Does It Matter In What Order You Add Wet and Dry Ingredients?

Recipes usually specify an order, which can make home bakers nervous about messing up.

You're baking a cake and halfway through the preparation realize you added the dry ingredients to the wet ingredients, when the recipe specifically asked for the opposite: "Sift the flour, sugar, baking soda, baking powder, and salt into the bowl of an electric mixer … In another bowl, combine the oil, eggs, and vanilla. With the mixer on low speed, slowly add the wet ingredients to the dry." Oops. But does it really matter? Is this a gaff worthy of starting over for, or can you confidently move on?

While mixing the dry and wet ingredients in separate bowls, and then combining, is in fact crucial, it turns out that the order in which they're added together — wet into dry, or dry into wet — doesn't hugely matter, except where cleanup is concerned.

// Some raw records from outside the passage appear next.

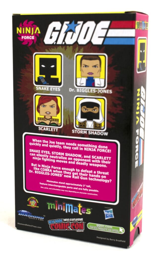 A Diamond Select Toys release! Yo Joe! The GI Joe Ninja Force team makes their Minimates debut in this exclusive 4-pack! Snake Eyes, Scarlett and Storm Shadow team up to take on the Cobra scientist Dr. Biggles-Jones, as seen in the classic GI Joe comic book series! These 2-inch Minimates feature 14 points of articulation and fully interchangeable parts and accessories, and they slide out of an illustrated VHS sleeve! Designed and illustrated by Barry Bradfield! ($30)
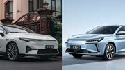 来到车身侧面,继续采用了溜背式的车身造型设计,新车在车窗外沿、门把手以及前翼子板装饰件等处进行了熏黑处理。另外新车还延续了四门无框车门的设计。车身尺寸为:4970*1964*1445mm,轴距为2960mm,定位中大型纯电动轿车。
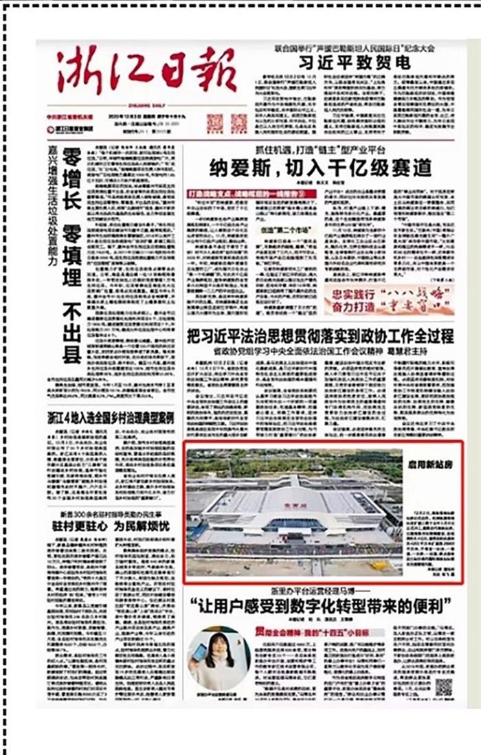 “12月2日,位于浙江省苍南县县城新区的杭深铁路苍南高铁站改扩建新站房正式启用,建筑面积扩建到26993平方米。”12月3日,新华每日电讯在头版报眼位置刊登了新华社记者黄宗治的图片新闻报道。同日,《人民日报》《浙江日报》也在头版明显位置分别刊发了《杭深铁路苍南站新站房正式启用》《启用新站房》的图片新闻报道,中央电视台在今天的新闻直播间也对新站房启用作出新闻播报。据统计,这两天,报道新站房启用的媒体还有央视网、中国政府网、中国新闻网、中国网、经济日报、温州发布、温州新闻、苍南发布等十几家媒体。
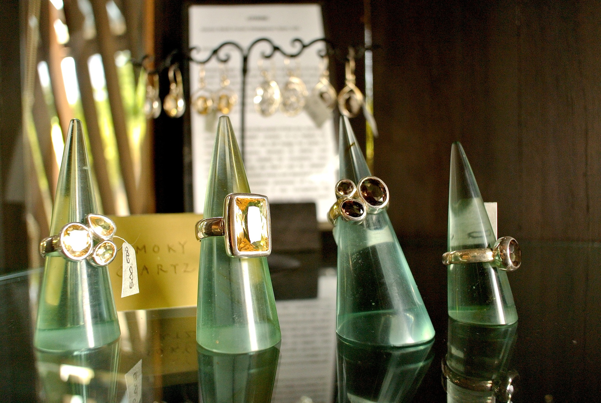 セレクトされたジュエリーや アメティスオリジナルのロゴ入りバティック。

The reason that wet and dry ingredients are often first mixed together in separate bowls before being combined has everything to do with evenly dispersing ingredients. Without following this initial step, it's fairly easy to get batter that has unappetizing concentrations of salt or slightly metallic-tasting baking soda, or egg whites and yolks that are still separated, and will behave differently in the oven.

mixing brownie batter

But from there, there is actually much debate about which order of combining is best. Some say that adding dry into wet leads to clumps of dry ingredients floating in the batter, while others say that actually the opposite, adding wet to dry, leads to, well, clumps.

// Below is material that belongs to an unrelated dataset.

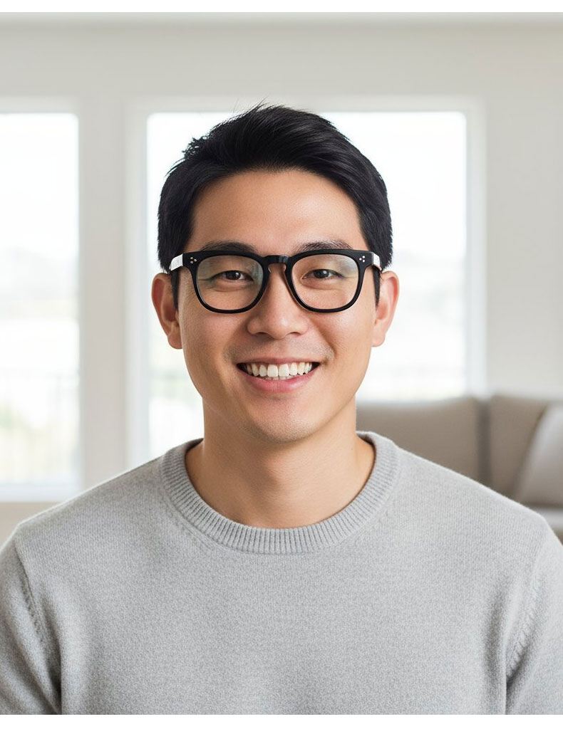 ウェリントン型が顔まわりを引き締め、通勤にもカジュアルにも合わせやすい万能デザインです。
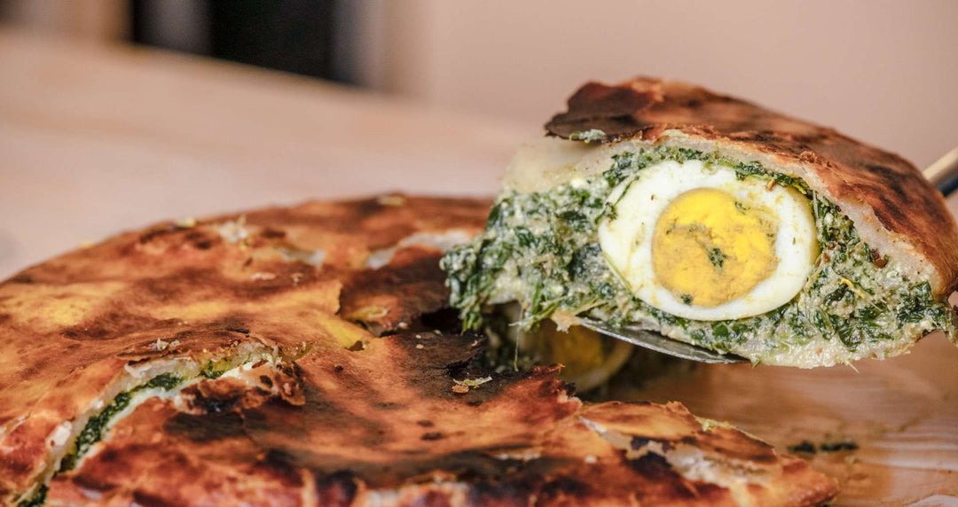 Torta Pasqualina, a savory double-crusted pie filled with greens, artichokes and hard boiled eggs, originated in Genoa in the 1500s, but has become a tradition across Italy in the years since its creation. Our spinach-based recipe comes from Calabrian food blogging duo Cristina Bruno and Giuliano Bronzi of Vuoi Assaggiare.

It would appear that the jury is still out, and everyone despises clumps. But one thing is definitely true: It's much harder to successfully add dry ingredients into wet ingredients neatly. That order tends to lead to a giant puff of flour wafting toward the ceiling, and settling all over the counters, while a steady, viscous stream of wet ingredients will instead narrowly ribbon its way down into the bowl containing dry ingredients, and nowhere else.

When in doubt, you should usually abide by the combining orders of the recipe you're following because the author may have a specific reason for writing it that way, whether or not the reasoning is clear to you. But if you end up doing it the wrong way around, don't despair. Your cake will still rise, your cookies will still taste great with a glass of milk, and your pancakes will still make for a special breakfast.